Parce que, désormais, les femmes ne restent plus à la maison ! En 1958, Mao a lancé une grande campagne de publicité pour les « libérer » des tâches domestiques. À cette époque, il a engagé le pays dans le « Grand Bond en avant », une série de mesures visant à stimuler la production industrielle. Les Chinoises entrent en masse dans les manufactures. La vie est réorganisée en communes populaires : les cuisines sont partagées, les enfants élevés à la crèche. Sur les affiches de propagande, les travailleuses ont les joues rouges et un grand sourire.

La réalité est cependant loin d’être aussi belle. Il apparaît bientôt évident que les réformes économiques sont un fiasco. Non seulement les taux de production espérés ne sont pas atteints, mais les matières premières pour les industries manquent. Les récoltes étant négligées, des pénuries de nourriture surviennent. La famine qui sévit en Chine de 1958 à 1962 fait entre 20 et 70 millions de morts. Il s’agirait de la pire du 20e siècle.

La vie devient un enfer. Non seulement les Chinois manquent de tout, mais ils sont constamment épiés et n’ont pas le droit d’exprimer leurs opinions. Pour déménager, travailler, se marier, étudier, enfanter, ils doivent obtenir l’accord de l’État, c’est-à-dire du petit potentat local qui représente le parti communiste. Les abus de pouvoir se multiplient. Les arrestations arbitraires et la torture sont monnaie courante.

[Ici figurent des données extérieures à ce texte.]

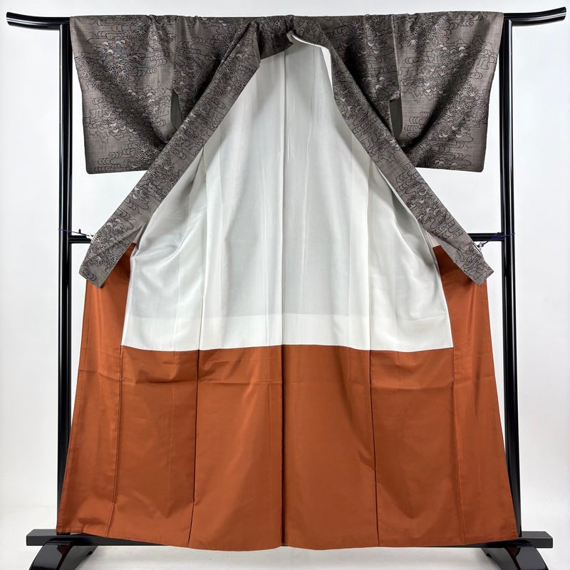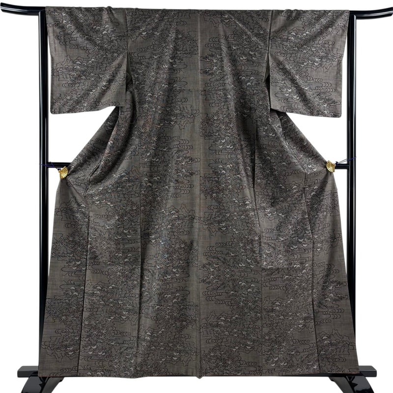 【紬】 灰色系 灰茶 秀品 C 約160cm~約169cm 裄丈63cm-64cm (M)size 袖丈48cm 4000-7980 二万以下

Sans raison valable, on sépare les couples pour plusieurs mois en les faisant travailler dans des communes distantes de centaines de kilomètres. Lorsqu’ils sont ensemble, les époux ne peuvent se démontrer aucune affection. L’amour pour les enfants doit aussi se faire discret. Ces sentiments sont vus comme égoïstes et anti-révolutionnaires; ils devraient plutôt être canalisés pour servir la révolution.

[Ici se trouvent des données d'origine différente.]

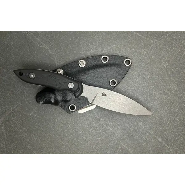 Пластиковий чохол надійно фіксує ніж і дозволяє швидке вилучення. Знімна сталева кліпса сумісна з MOLLE, а отвори підтримують монтаж TEK LOK, що дає можливість адаптувати спосіб носіння під власне спорядження або ремінь.

Dans cette Chine de plus en plus prude où on doit marcher dans le droit chemin, la féminité n’a plus sa place. Une poitrine volumineuse est source de honte. Les femmes sont désormais des « camarades », tout comme les hommes. Elles font les mêmes travaux qu’eux, portent le même habit : pantalon de toile épaisse et chemisier informe, souvent bleu. Un bijou, une robe, toute velléité de coquetterie est ridiculisée.

Une vie de peine et de misère : c’est ce qu’ont connu les femmes sous Mao, bien qu’elles aient vécu sous les premières lois féministes de l’histoire de Chine. Au moins, 31 ans après la mort du président, elles peuvent se consoler : leurs filles et leurs petites-filles ont désormais accès à l’éducation et au marché du travail.